§ **INSTRUCTIONS FOR THE TASK**: Give back the full listing, character for character, with no pictures.

§ **INFORMATION PROVIDED**:
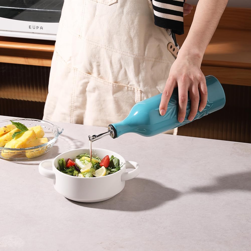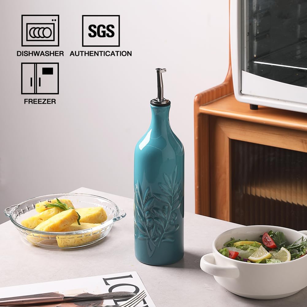 Sweejar Large Ceramic Olive Oil Dispenser Bottle, 24 Oz Relief Opaque Oil Cruet Protects Liquids, Set of 1 (Gradient Blue)
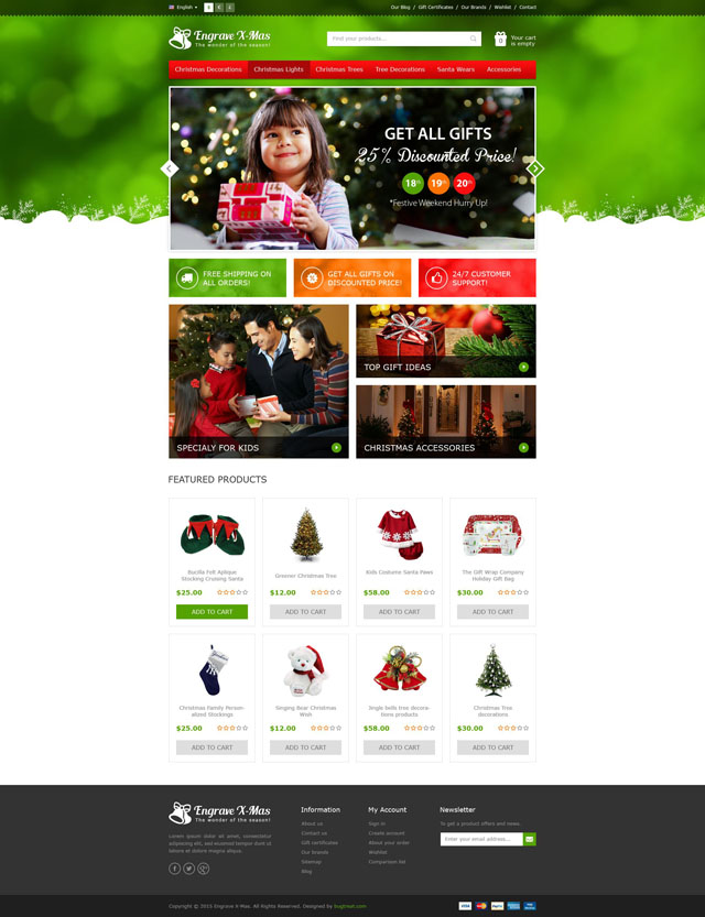 Engrave X-mas - It's a colorful Cs-cart Responsive theme for selling gifts products. It has stunning features for the website to meet & fit any kind of the business you’re targeting with a peace of mind. So, it totally helps you save much time and money. If you want to have a very unique and attractive design and trying to make your way among numerous store owners, Engrave X-mas is a great starting point for you.
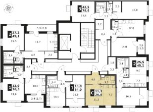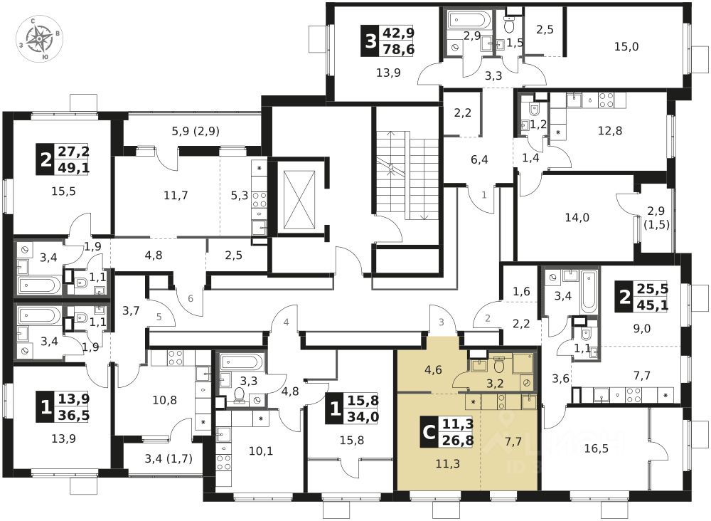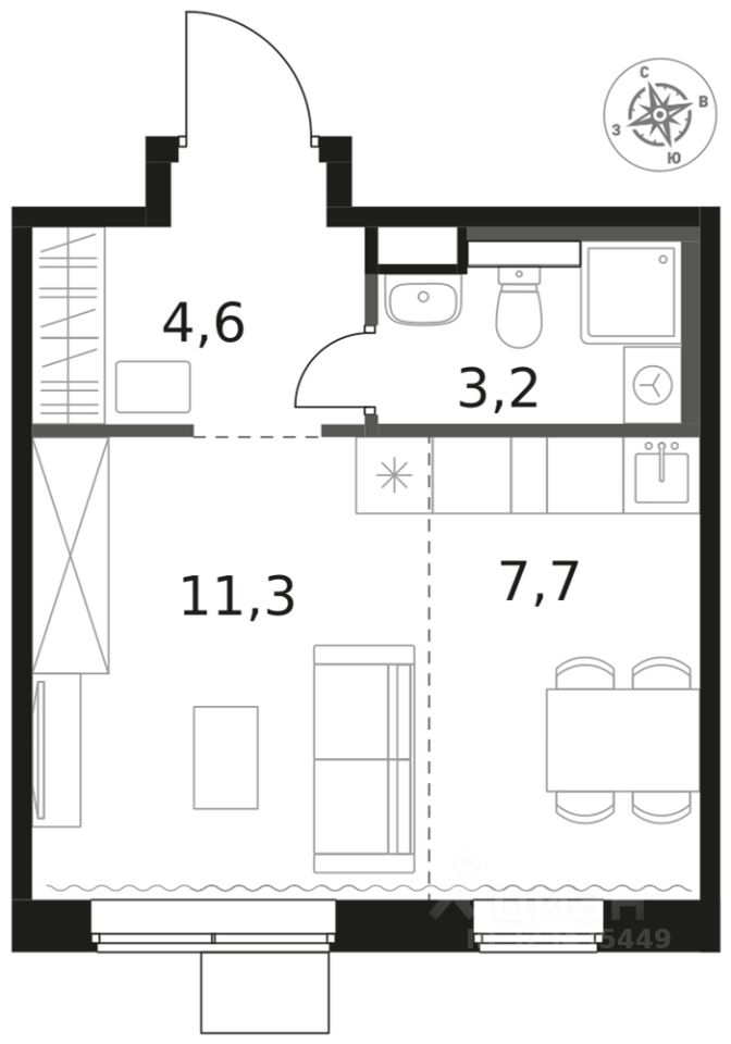 Продаётся квартира-студия номер 336 общей площадью 26.8 кв.м. на 5-м этаже 8 этажного дома. Отделка Whitebox.

§ **EXERCISE SOLUTION**:
 Sweejar Large Ceramic Olive Oil Dispenser Bottle, 24 Oz Relief Opaque Oil Cruet Protects Liquids, Set of 1 (Gradient Blue)
 Engrave X-mas - It's a colorful Cs-cart Responsive theme for selling gifts products. It has stunning features for the website to meet & fit any kind of the business you’re targeting with a peace of mind. So, it totally helps you save much time and money. If you want to have a very unique and attractive design and trying to make your way among numerous store owners, Engrave X-mas is a great starting point for you.
 Продаётся квартира-студия номер 336 общей площадью 26.8 кв.м. на 5-м этаже 8 этажного дома. Отделка Whitebox.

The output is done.